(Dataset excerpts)
=== Section Start ===

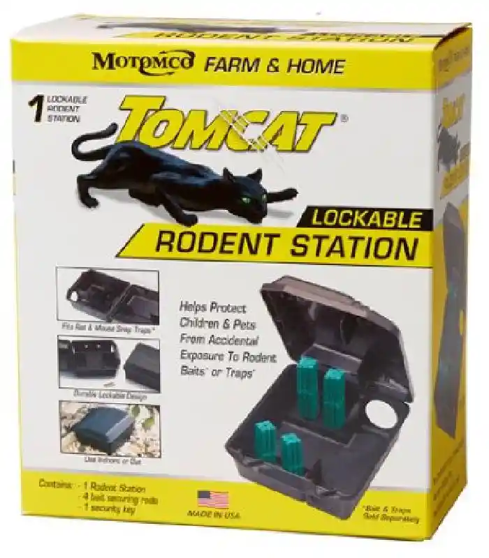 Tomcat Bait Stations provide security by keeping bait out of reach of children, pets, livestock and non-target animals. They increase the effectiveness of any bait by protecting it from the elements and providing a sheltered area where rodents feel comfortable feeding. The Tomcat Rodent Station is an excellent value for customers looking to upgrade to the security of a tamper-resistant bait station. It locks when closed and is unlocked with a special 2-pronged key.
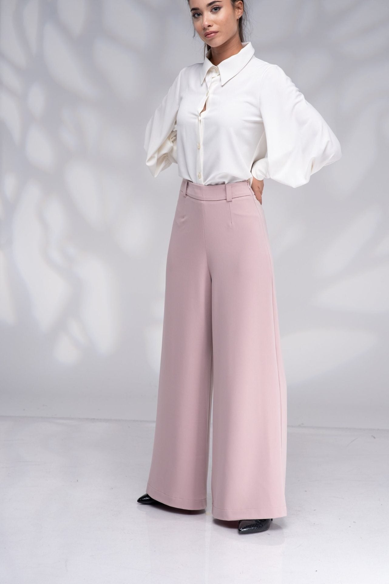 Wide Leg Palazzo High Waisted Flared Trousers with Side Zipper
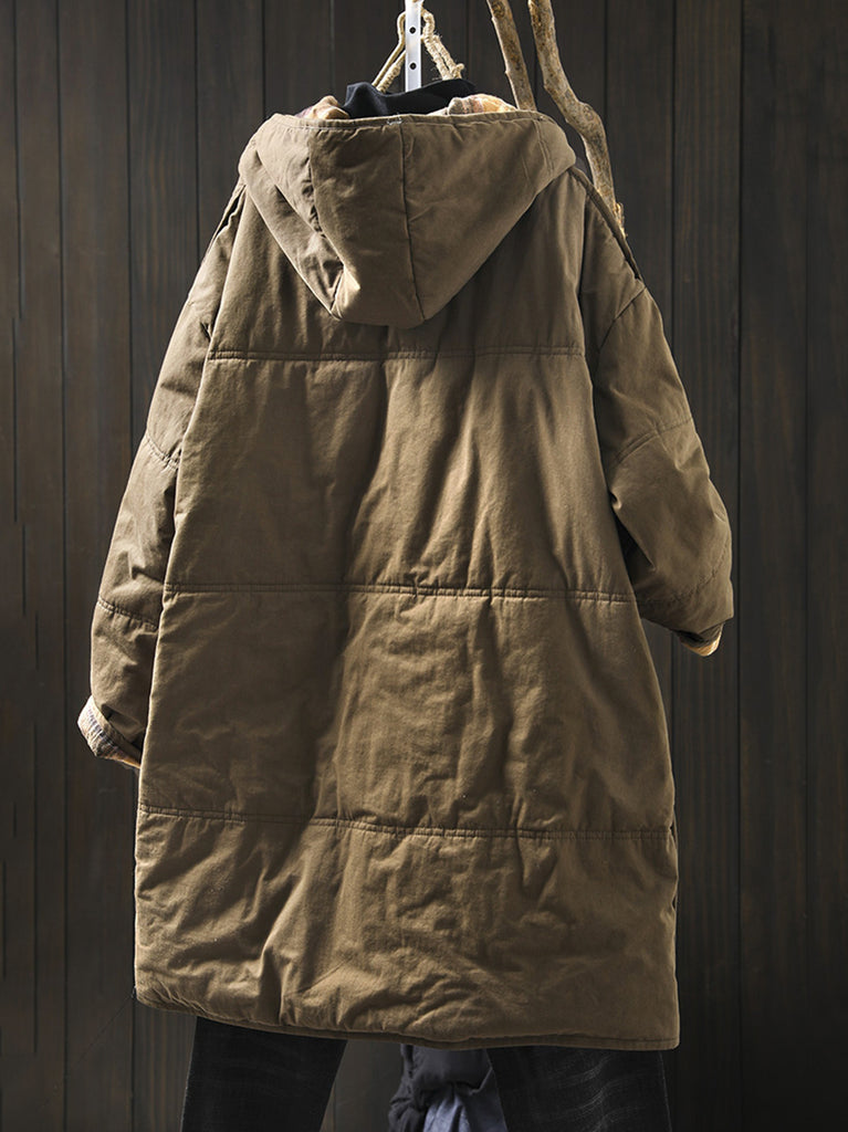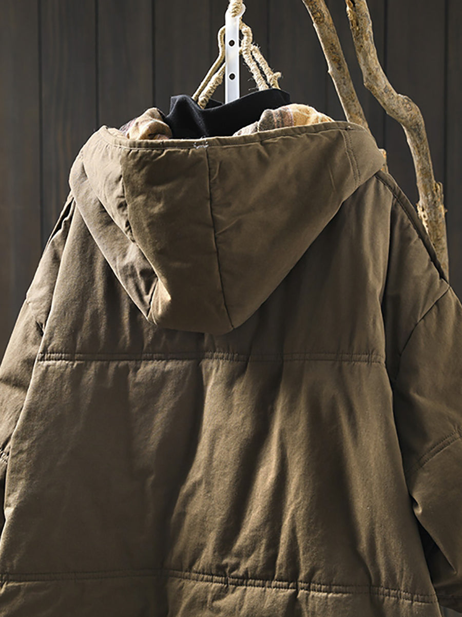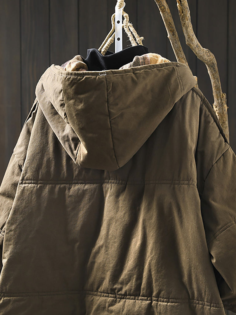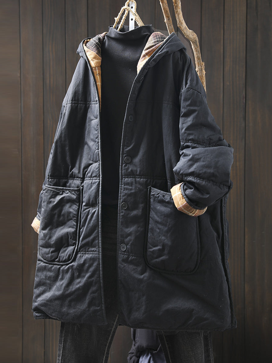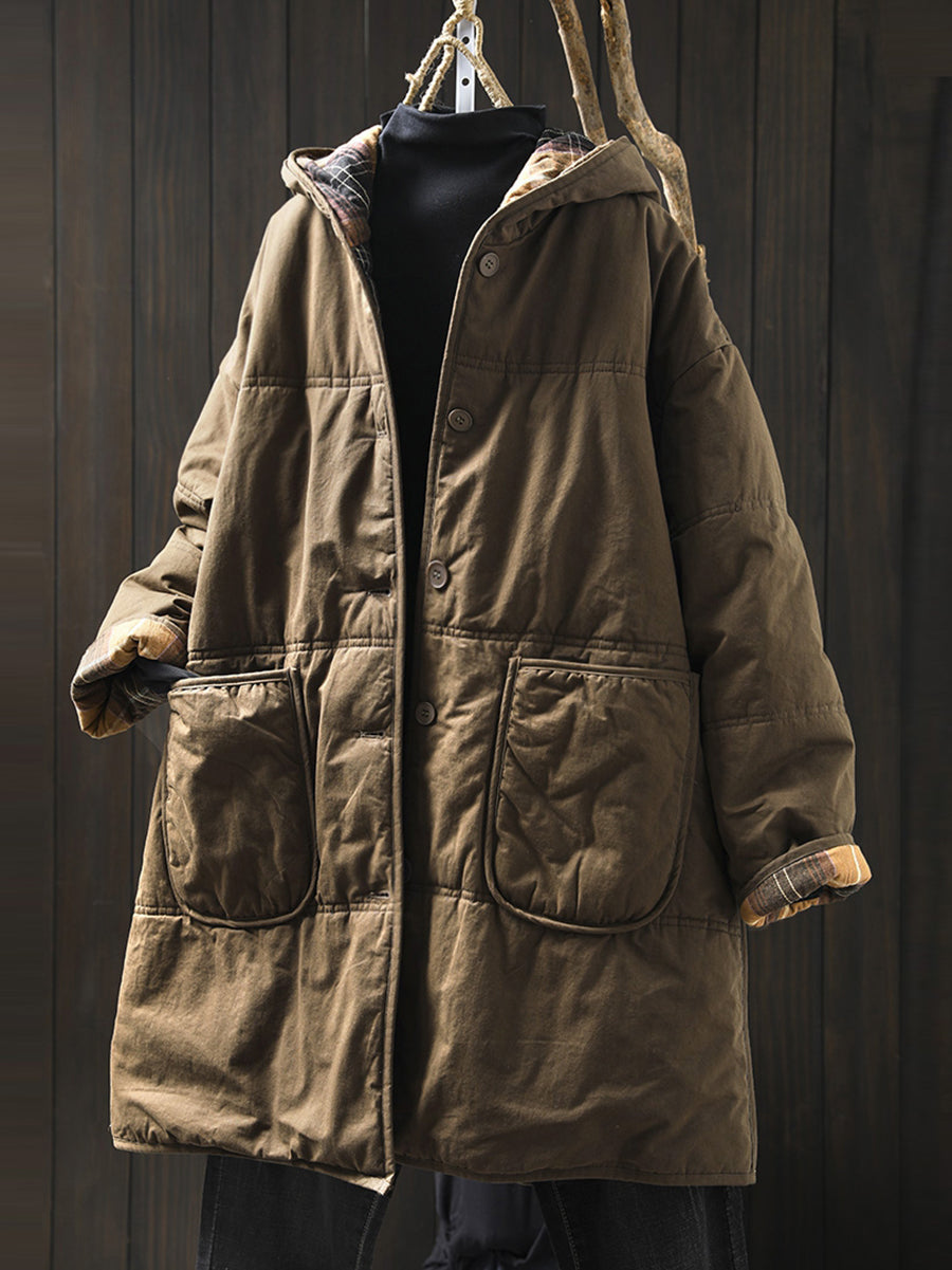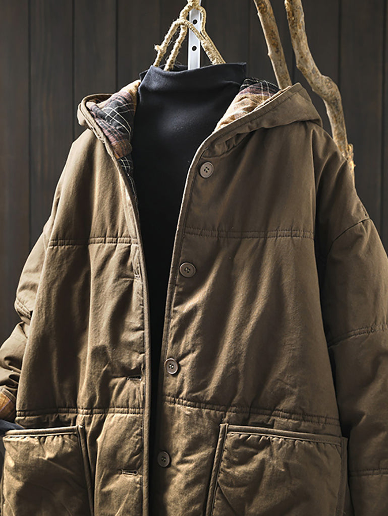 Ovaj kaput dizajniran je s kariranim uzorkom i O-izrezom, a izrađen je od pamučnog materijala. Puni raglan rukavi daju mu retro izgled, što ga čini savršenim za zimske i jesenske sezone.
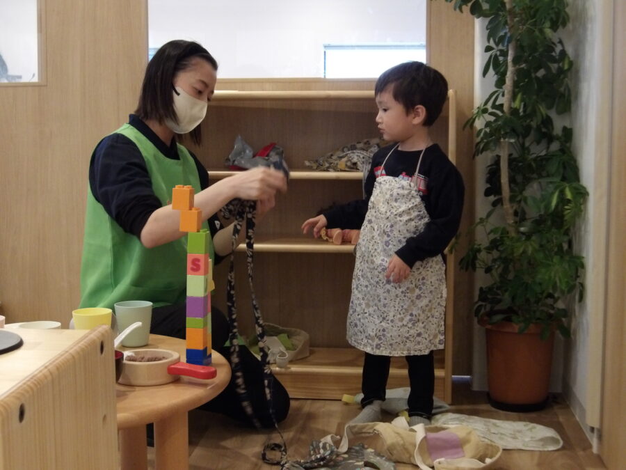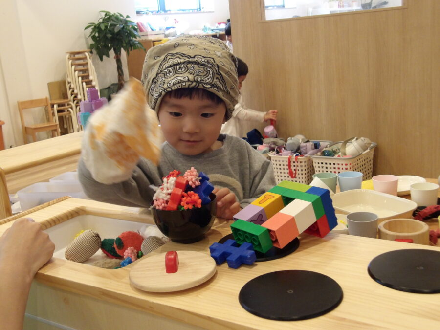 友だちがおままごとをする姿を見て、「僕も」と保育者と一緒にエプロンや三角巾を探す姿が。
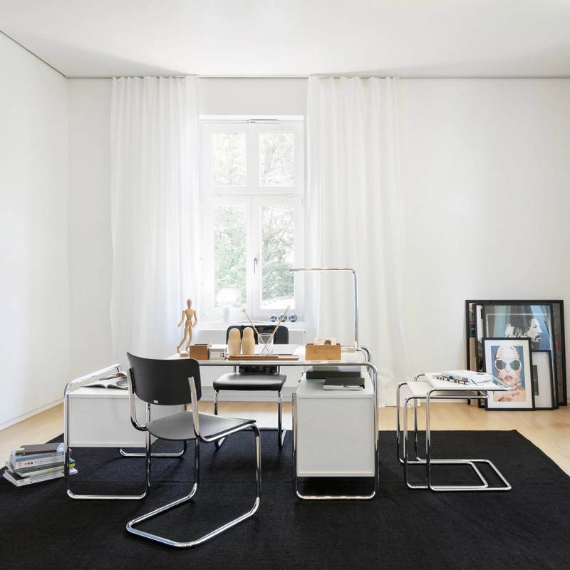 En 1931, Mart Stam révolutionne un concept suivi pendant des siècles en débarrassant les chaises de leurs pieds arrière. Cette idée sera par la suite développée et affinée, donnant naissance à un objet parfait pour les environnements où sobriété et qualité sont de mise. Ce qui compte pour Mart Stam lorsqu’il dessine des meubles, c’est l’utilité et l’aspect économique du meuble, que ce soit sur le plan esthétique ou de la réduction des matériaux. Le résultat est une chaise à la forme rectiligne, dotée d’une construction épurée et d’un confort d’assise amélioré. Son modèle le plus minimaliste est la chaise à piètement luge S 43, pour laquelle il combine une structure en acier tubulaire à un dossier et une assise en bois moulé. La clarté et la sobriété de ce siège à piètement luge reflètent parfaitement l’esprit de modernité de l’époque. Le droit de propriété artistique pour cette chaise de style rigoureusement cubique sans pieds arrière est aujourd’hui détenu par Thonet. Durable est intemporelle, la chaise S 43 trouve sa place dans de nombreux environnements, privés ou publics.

=== Section End ===

* [Brief]:
Please output all the records above exactly, leaving out every picture.

* [Answer for the task]:
 Tomcat Bait Stations provide security by keeping bait out of reach of children, pets, livestock and non-target animals. They increase the effectiveness of any bait by protecting it from the elements and providing a sheltered area where rodents feel comfortable feeding. The Tomcat Rodent Station is an excellent value for customers looking to upgrade to the security of a tamper-resistant bait station. It locks when closed and is unlocked with a special 2-pronged key.
 Wide Leg Palazzo High Waisted Flared Trousers with Side Zipper
 Ovaj kaput dizajniran je s kariranim uzorkom i O-izrezom, a izrađen je od pamučnog materijala. Puni raglan rukavi daju mu retro izgled, što ga čini savršenim za zimske i jesenske sezone.
 友だちがおままごとをする姿を見て、「僕も」と保育者と一緒にエプロンや三角巾を探す姿が。
 En 1931, Mart Stam révolutionne un concept suivi pendant des siècles en débarrassant les chaises de leurs pieds arrière. Cette idée sera par la suite développée et affinée, donnant naissance à un objet parfait pour les environnements où sobriété et qualité sont de mise. Ce qui compte pour Mart Stam lorsqu’il dessine des meubles, c’est l’utilité et l’aspect économique du meuble, que ce soit sur le plan esthétique ou de la réduction des matériaux. Le résultat est une chaise à la forme rectiligne, dotée d’une construction épurée et d’un confort d’assise amélioré. Son modèle le plus minimaliste est la chaise à piètement luge S 43, pour laquelle il combine une structure en acier tubulaire à un dossier et une assise en bois moulé. La clarté et la sobriété de ce siège à piètement luge reflètent parfaitement l’esprit de modernité de l’époque. Le droit de propriété artistique pour cette chaise de style rigoureusement cubique sans pieds arrière est aujourd’hui détenu par Thonet. Durable est intemporelle, la chaise S 43 trouve sa place dans de nombreux environnements, privés ou publics.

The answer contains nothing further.